I'm finding it harder and harder each day to gather myself and focus.

Work is killing me.

Tuesday, May 17, 2005

POO-TA-RA-GIS!!!

I swear, if this job doesn't kill me, then my boss will.

"Exhausted" is an understatement here. The whole freakin' deal's impossible to cope with because we're so undermanned.

This is the only form of release that I can do today. In two minutes, I will publish this and go back to work on the endless requirements of our clients. People are stressed out, fragile, and ready to break - including myself.

My backlog....is unbelievable. Just unbelieveable.

I've already been staying in Makati the past 2 weeks, just to lessen the travel fatigue factor, but it's only helped marginally because for every one thing you finish, five more tasks take its place. The slew of incoming projects hasn't stopped since the last quarter of last year, or so I'm told. The current number of projects can already keep us preoccupied until the end of June. I've already managed to forget all about 2 proposals and a topline report, all for the same client.

Beyond tired.

Sunday, April 03, 2005

Rent

I couldn't be happier. They're finally filming the movie version of Rent, the musical. Chris Columbus is at the helm, and the outift of the Radcliffe guy, Harry Potter's dad, is producing it, along with Jonathan Larson's sister.

The great part is, that almost the whole original cast is in it!!! Adam Pascal and Taye Diggs RAWK!!! The only downside is that Daphne Rubin-Vega, who played Mimi Marquez in the original runs, got beat out by Rosario Dawson - the girl in MIB2 who has uneven nostrils. She can also be seen in another movie that I can't wait to watch - Sin City, which is in turn being directed by Robert Rodriguez and the co-creator of the comics himself, Frank Miller. Coolness.

I wonder if this Rosario Dawson lady can sing. Sure, Daphne Rubin-Vega's ass and boobs might already be hanging all over the place, and Rosario Dawson might be a decade or so younger, but can Dawson-lady give justice to Mimi's character?

Rent will be shown at the end of the year in the US.

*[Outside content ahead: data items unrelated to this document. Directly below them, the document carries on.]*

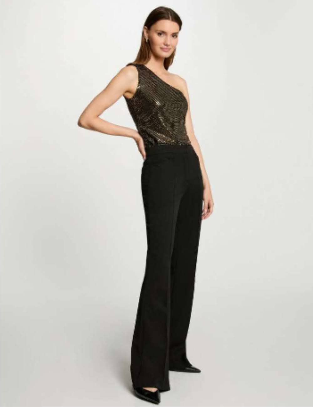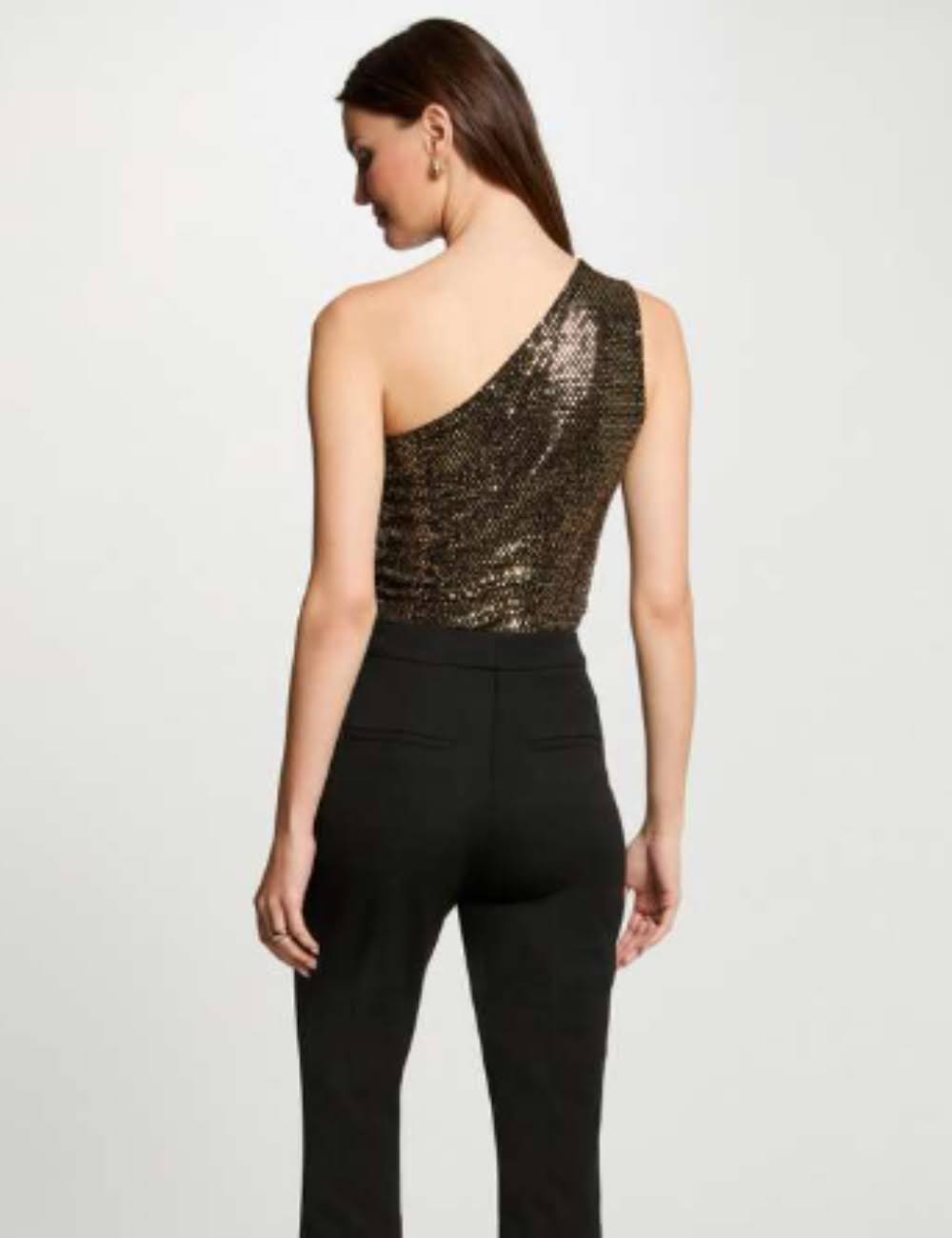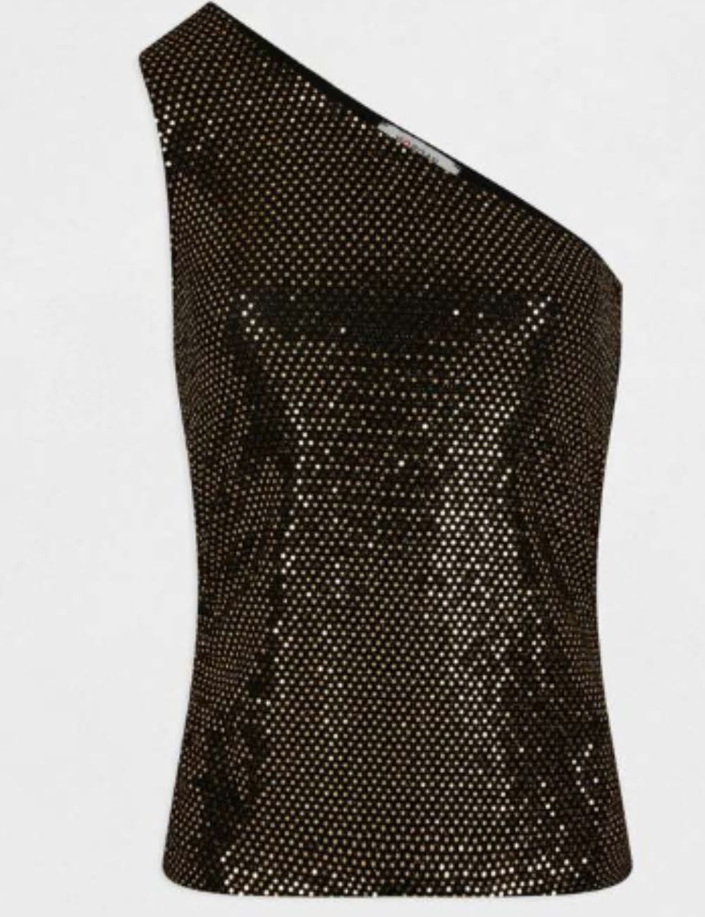 Top com corte justo e decote assimétrico. Fecho lateral. Efeito brilho com lantejoulas e fio metalizado.
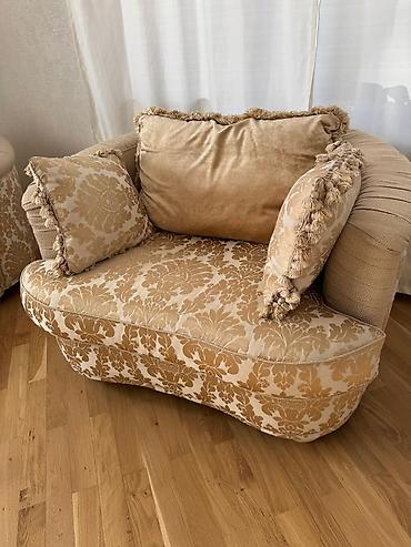 - Ölçü təəssüratı: Divan geniş və uzunsov formadadır, kreslo isə iri ölçülü, dərin oturuşludur (şəkillərdə miqyasa baxın)
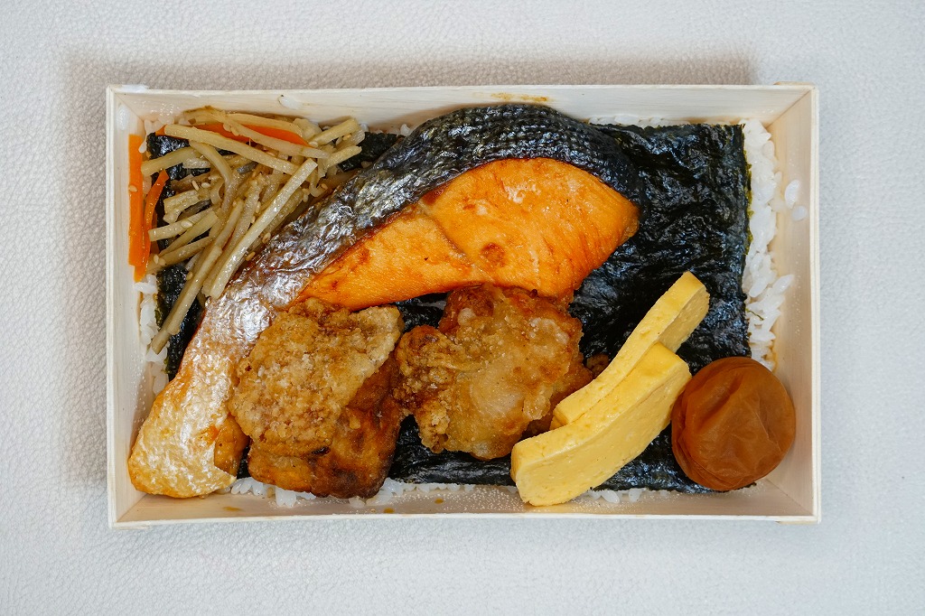 これは「銀鮭塩焼」。長方形の平たい木質エコ容器に、庄内米コシヒカリの白飯を敷き、有明海産の焼き海苔を貼り、塩銀鮭切り身、鶏のから揚げ、出汁巻卵、ラー油でピリ辛のきんぴらごぼう、紀州南高梅を盛り付ける。近年の東京でいくつか出てきている、本格志向の高級海苔弁当。簡単なお品書きを付け、商品名を書いた紙帯を締め、店内で調製し暖かい状態で売られる。世の鶏卵不足により2023年4月10日から6月20日まで、出汁巻玉子を抜いて30円引きで販売。2025年時点でこの姿では現存しない模様。

Sin City will be shown here (hopefully) in the next quarter.

Monday, March 28, 2005

Tired but happy

It's only Monday. Monday, for cryin' out loud! And I'm already beat. Last week, I was just playing fireman and putting out all the flames that developed as a result of our lack of manpower here in the office. Today, I finally was able to make some headway on my own projects.

Our big boss is really something else. She's really too old to be doing any of this stuff, and you'd expect her to be really forgetful and all, but the funny thing is, she's still sharp as a razorwhen it comes to research and marketing. She really knows her shit, and that's probably why she was still chosen to head this fledgling company eventhough she's well past retirement age.

Holy Week just zipped past. Hardly noticed it, as I woke up this morning tired. Last night, my cousins from Iloilo called and said they wanted to go karaoke. So we went to the karaoke place in G3 (and paid a freakin lot for a 1-hour stay). Met one of my younger cousins again, after more than 10 years, I guess. I hardly recognized him because he's huge, weighs more than I do (and looks older than me). Great thing to discover was how well he sang. I swear, he actually sounds like Gary V. We also made him sing a number of Usher songs, and he got dat down pat too. That kid can really groove.

Pau was able to fix my blog a bit. Much more, actually, than what I can ever manage to do in an hour. That's because he's a nerd.